HIF-2α mRNA is a target of miR-365. (A) Sequence alignment of a putative miR-365 binding site within the 3′UTR of HIF-2α mRNA from human, chimpanzee, mouse, rabbit, and dog. Asterisks indicate the sequences that were changed to make mutant HIF-2α 3′UTR. CDS, coding sequence; UTR, untranslated region. (B) The wild-type and mutant HIF-2α 3′UTR reporter plasmid was co-transfected with miR-365, anti-miR-365 or nonspecific control microRNA (miR-con) into human chondrocytes for 48 h. Luciferase activity in each sample was determined and calculated as the ratio of reporter (firefly) to control (Renilla) activity. Data are expressed as the mean ± SD of triplicate data from more than three independent experiments. ns, not significant, ***P < 0.005 vs. miR-con-transfected cells; ### P < 0.005 vs. miR-365-transfected cells. (C) AGO2-immunoprecipitation (IP) in miR-con- or miR-365-transfected chondrocytes. Primary chondrocytes were transfected with miR-con and miR-365 and stimulated with IL-1β (1 ng/mL) for 6 h. The level of miR-365 expression was quantified by qRT-PCR. The efficiency of the AGO2-IP in total (T), flowthrough (FT), and immunoprecipitation (IP) fractions of the samples was determined by western blot analysis using AGO2 antibody. IP with IgG served as a negative control. (D) The levels of miR-365 and HIF-2α mRNA in RNA samples from T, FT, and IP fractions of AGO2- and IgG-IP experiments were measured by qRT-PCR. ***P < 0.005 and ****P < 0.001 vs. miR-con-transfected cells.

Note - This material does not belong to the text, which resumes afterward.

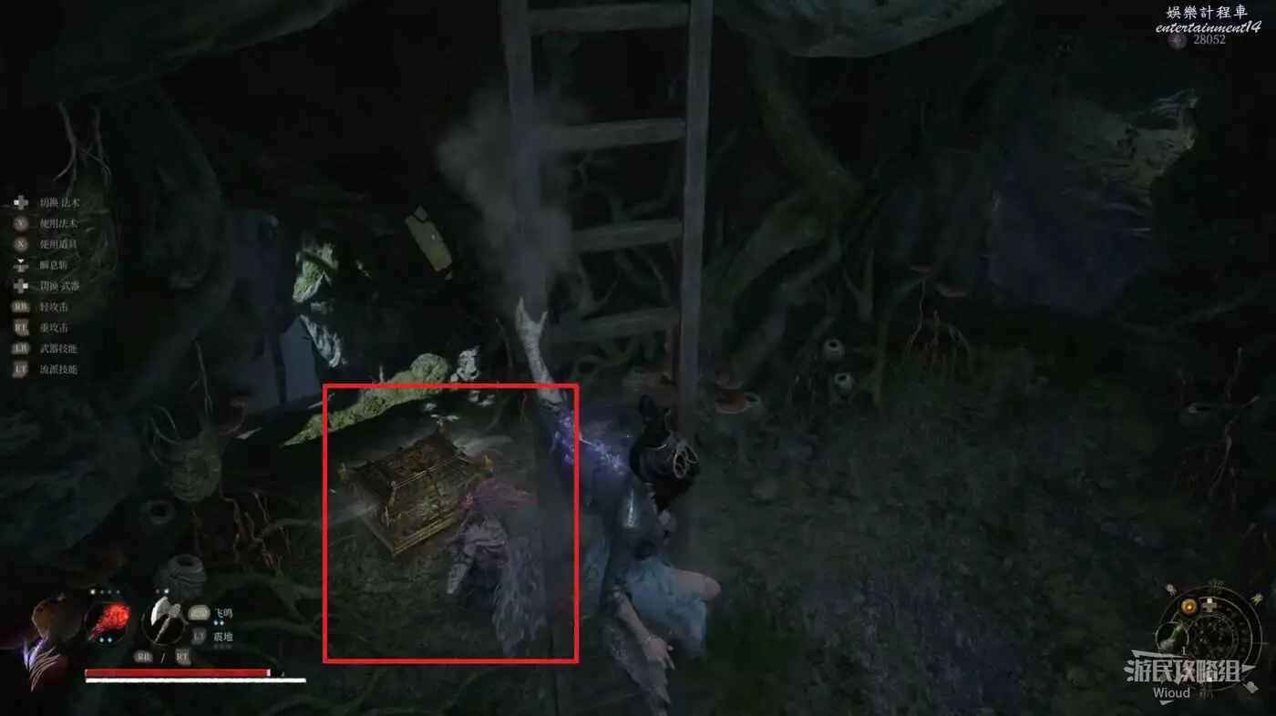 穿過失心洞,出去沒有岔路,經過一段牢籠區可以看到左側有個梯子,梯子下方就是【鳥人沼澤】神龕。

To ensure that HIF-2α is the target of miR-365, we performed AGO2-RNP IP assay on miR-con- and miR-365-transfected chondrocytes. Western blot assay for checking the efficiency of RNP IP assay demonstrated that the efficiency of AGO2 immunoprecipitation (AGO2-IP) complex was comparable in miR-con- and miR-365-transfected cells (Fig. 4C). Both miR-365 and HIF-2α were abundantly presented in AGO2-IP fraction containing miR-365-RNA inducing silencing complex (RISC) complexes that were obtained using AGO2 antibody in miR-365-transfected cells compared to that of miR-con-transfected cells (Fig. 4D). Together, these data show that miR-365 suppresses HIF-2α expression by binding to the 3′UTR of HIF-2α mRNA.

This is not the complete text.